* _YOUR OBJECTIVE_
The listing must be copied out in full and exactly; no images go with it.

* _GIVEN RECORDS_
════════

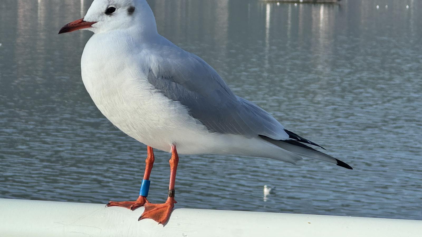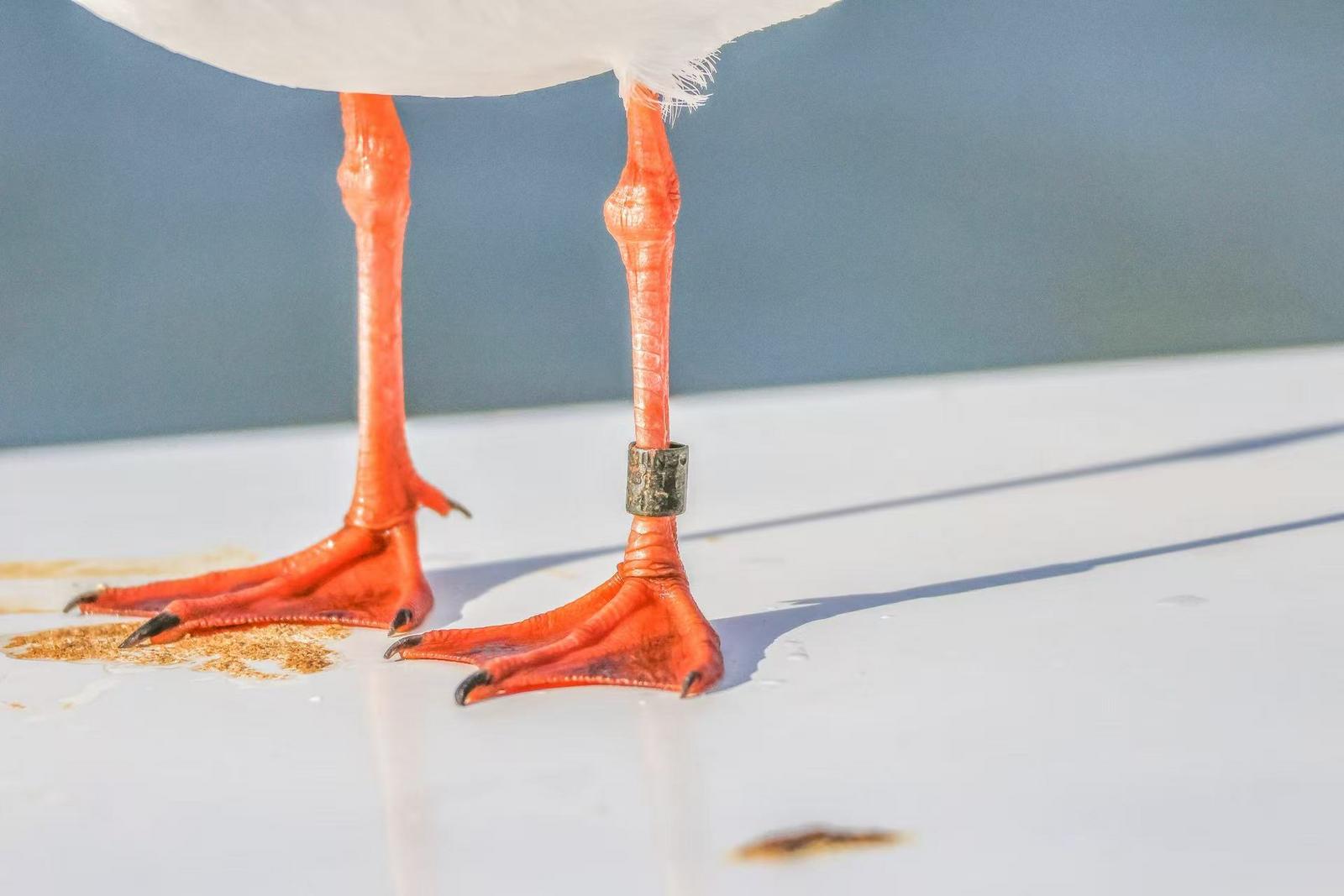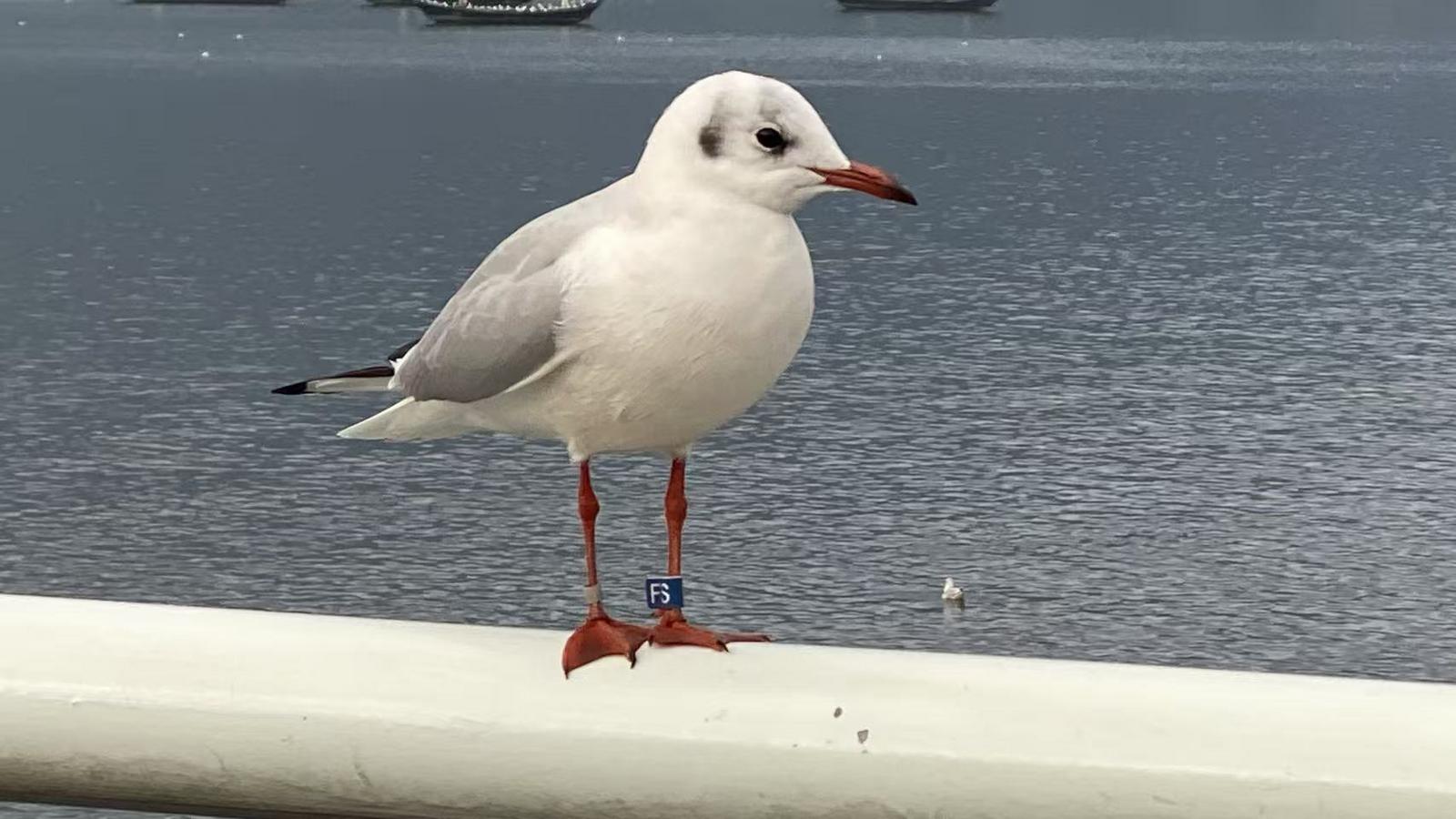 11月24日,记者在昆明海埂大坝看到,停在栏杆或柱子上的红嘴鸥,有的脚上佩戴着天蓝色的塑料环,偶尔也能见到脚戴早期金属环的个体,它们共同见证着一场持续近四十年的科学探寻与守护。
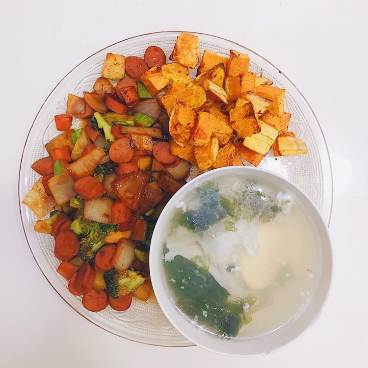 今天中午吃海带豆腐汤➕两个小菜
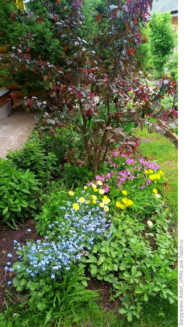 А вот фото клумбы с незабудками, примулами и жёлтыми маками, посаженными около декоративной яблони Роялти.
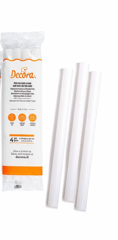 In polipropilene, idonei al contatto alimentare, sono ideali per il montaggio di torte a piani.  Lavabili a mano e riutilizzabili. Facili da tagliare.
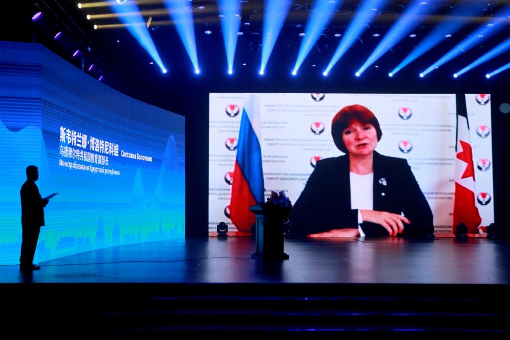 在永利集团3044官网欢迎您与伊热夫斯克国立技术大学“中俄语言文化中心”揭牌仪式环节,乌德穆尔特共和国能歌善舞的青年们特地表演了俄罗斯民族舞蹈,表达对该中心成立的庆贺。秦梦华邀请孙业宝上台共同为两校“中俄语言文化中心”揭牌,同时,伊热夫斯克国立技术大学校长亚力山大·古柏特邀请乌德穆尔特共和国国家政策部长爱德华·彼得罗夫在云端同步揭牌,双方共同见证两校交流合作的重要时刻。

════════

* _TASK ANSWER_
 11月24日,记者在昆明海埂大坝看到,停在栏杆或柱子上的红嘴鸥,有的脚上佩戴着天蓝色的塑料环,偶尔也能见到脚戴早期金属环的个体,它们共同见证着一场持续近四十年的科学探寻与守护。
 今天中午吃海带豆腐汤➕两个小菜
 А вот фото клумбы с незабудками, примулами и жёлтыми маками, посаженными около декоративной яблони Роялти.
 In polipropilene, idonei al contatto alimentare, sono ideali per il montaggio di torte a piani.  Lavabili a mano e riutilizzabili. Facili da tagliare.
 在永利集团3044官网欢迎您与伊热夫斯克国立技术大学“中俄语言文化中心”揭牌仪式环节,乌德穆尔特共和国能歌善舞的青年们特地表演了俄罗斯民族舞蹈,表达对该中心成立的庆贺。秦梦华邀请孙业宝上台共同为两校“中俄语言文化中心”揭牌,同时,伊热夫斯克国立技术大学校长亚力山大·古柏特邀请乌德穆尔特共和国国家政策部长爱德华·彼得罗夫在云端同步揭牌,双方共同见证两校交流合作的重要时刻。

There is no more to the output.